Here is a python solution to this problem, This is quite un-optimised but I have tried to keep it as simple as I can to demonstrate an iterative method of solving this problem.

The results of this method will commonly be a list of max values and min values with maybe 1 or 2 values inbetween. Because of this, there is a slight optimisation in there, (using abs) which will prevent the iterator constantly trying to find min values counting down from max and vice versa.

There are recursive ways of doing this that look far more elegant, but this will get the job done and hopefully give you an insite into a better solution.

SCRIPT:

# iterative approach in-case the number of partitians is particularly large
def splitter(value, partitians, min_range, max_range, part_values):
    # lower bound used to determine if the solution is within reach
    lower_bound = 0
    # upper bound used to determine if the solution is within reach
    upper_bound = 0
    # upper_range used as upper limit for the iterator
    upper_range = 0
    # lower range used as lower limit for the iterator
    lower_range = 0
    # interval will be + or -
    interval = 0

    while value > 0:
        partitians -= 1
        lower_bound = min_range*(partitians)
        upper_bound = max_range*(partitians)
        # if the value is more likely at the upper bound start from there
        if abs(lower_bound - value) < abs(upper_bound - value):
            upper_range = max_range
            lower_range = min_range-1
            interval = -1
        # if the value is more likely at the lower bound start from there
        else:
            upper_range = min_range
            lower_range = max_range+1
            interval = 1

        for i in range(upper_range, lower_range, interval):
            # make sure what we are doing won't break solution
            if lower_bound <= value-i and upper_bound >= value-i:
                part_values.append(i)
                value -= i
                break

    return part_values


def partitioner(value, partitians, min_range, max_range):
    if min_range*partitians <= value and max_range*partitians >= value:
        return splitter(value, partitians, min_range, max_range, [])
    else:
        print ("this is impossible to solve")

def main():
    print(partitioner(9800, 1000, 2, 100))

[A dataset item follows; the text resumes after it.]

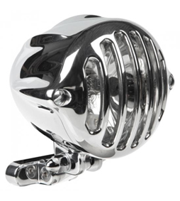 Our Alcatraz headlight housing and grill are available in different finishes, so you can get the custom look and color combination that best matches the style of your bike. It features a 4 inch diameter and will look great on any old school chopper and bobber. Headlamp and mounting bracket are included. A specific headlight bracket for Springer models is sold separately.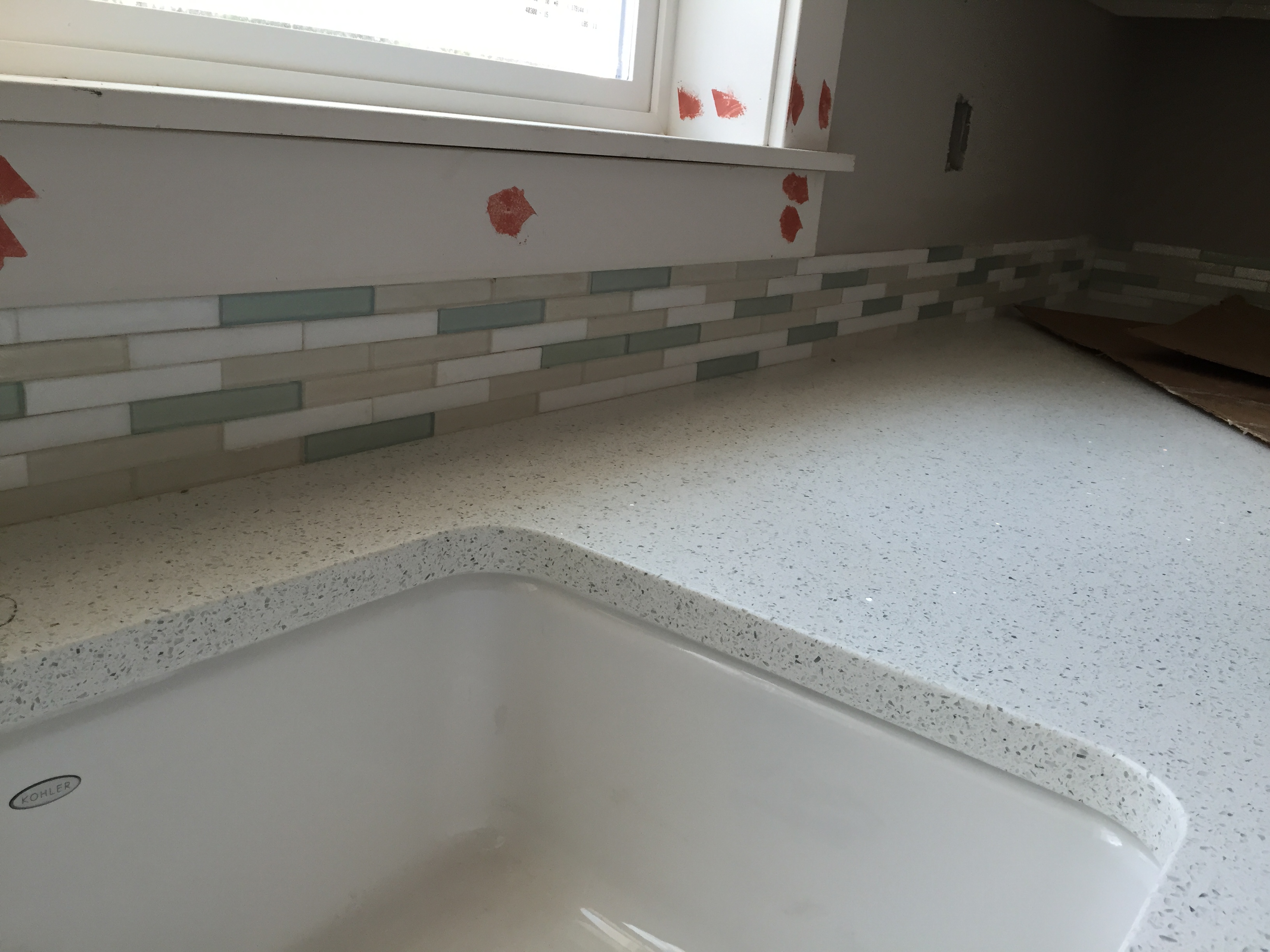 2016-03-26 13.27.43 Published March 27, 2016 at 3264 × 2448 in Week 42: Tile, Trimwork, Stairs, Septic, and Rental House Issues « Previous The glass backsplash was also added in the laundry room. Six rows of the Oceanside glass mosaic tile fit perfectly between the window sill and the counter.

The basic idea behind this script is that the value needs to fall between min*parts and max*parts, for each step of the solution, if we always achieve this goal, we will eventually end up at min < value < max for parts == 1, so if we constantly take away from the value, and keep it within this min < value < max range we will always find the result if it is possable.

For this code’s example, it will basically always take away either max or min depending on which bound the value is closer to, untill some non min or max value is left over as remainder.